What the exercise asks:
A word-for-word copy of the following listing is needed. Leave out its images.

Given data:

+-------+

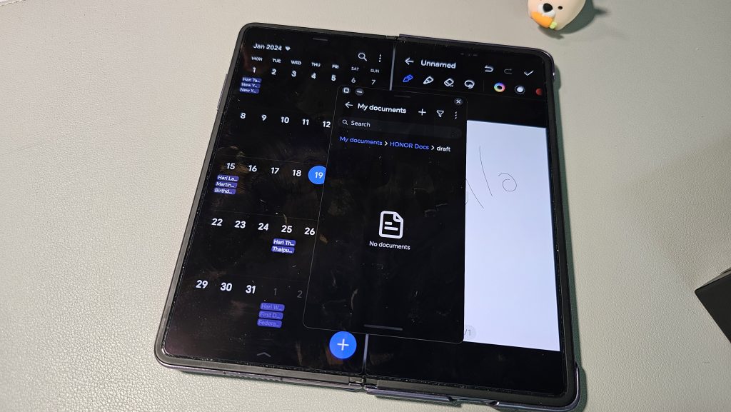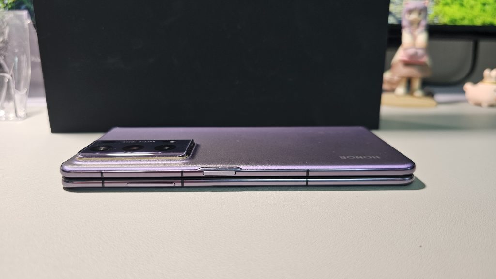 Lets talk about the body, the back of the phone is made of glass or PU leather (depending on the color you choose), while the hinge is made of titanium with gearless hinge opening and closing, no frictions and thus making it easy to fold and unfold without any weird creaking noise. In the end it is creaseless and you would felt the lines if you put some light pressure to it, otherwise all your day to day operation with it should be smooth and you hardly can notice the crease in the middle. HONOR claims that the hinge can last for an approximate of 400k times or to translate in years, that would be 10 years of overall average operational usage before things starts to get loose.
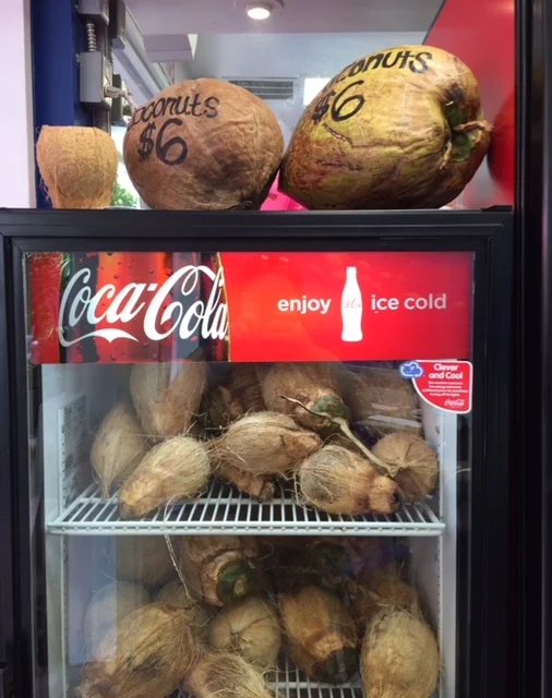 All natural, new local product - coconut water! As seen at the Hilton Hawaiian Village food court. The other Coke cooler had pineapples in it.
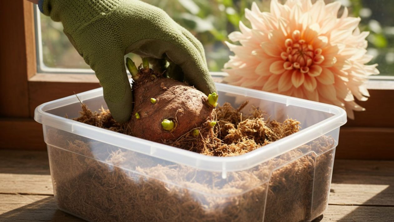 Hautaamaton lepäily: Aseta daalian juurakot kevyesti tämän kostean pedin päälle. Älä peitä niitä kokonaan! Jätä juurakon yläosa ja kaula (josta silmut nousevat) täysin paljaaksi ja ilmaan. Sulje pussi tai laatikon kansi löyhästi, jotta kosteus pysyy sisällä, mutta ilma pääsee kiertämään (estää homehtumisen). Nosta laatikko valoisaan ja lämpimään paikkaan (n. +20 astetta).

+-------+

Solved exercise:
 Lets talk about the body, the back of the phone is made of glass or PU leather (depending on the color you choose), while the hinge is made of titanium with gearless hinge opening and closing, no frictions and thus making it easy to fold and unfold without any weird creaking noise. In the end it is creaseless and you would felt the lines if you put some light pressure to it, otherwise all your day to day operation with it should be smooth and you hardly can notice the crease in the middle. HONOR claims that the hinge can last for an approximate of 400k times or to translate in years, that would be 10 years of overall average operational usage before things starts to get loose.
 All natural, new local product - coconut water! As seen at the Hilton Hawaiian Village food court. The other Coke cooler had pineapples in it.
 Hautaamaton lepäily: Aseta daalian juurakot kevyesti tämän kostean pedin päälle. Älä peitä niitä kokonaan! Jätä juurakon yläosa ja kaula (josta silmut nousevat) täysin paljaaksi ja ilmaan. Sulje pussi tai laatikon kansi löyhästi, jotta kosteus pysyy sisällä, mutta ilma pääsee kiertämään (estää homehtumisen). Nosta laatikko valoisaan ja lämpimään paikkaan (n. +20 astetta).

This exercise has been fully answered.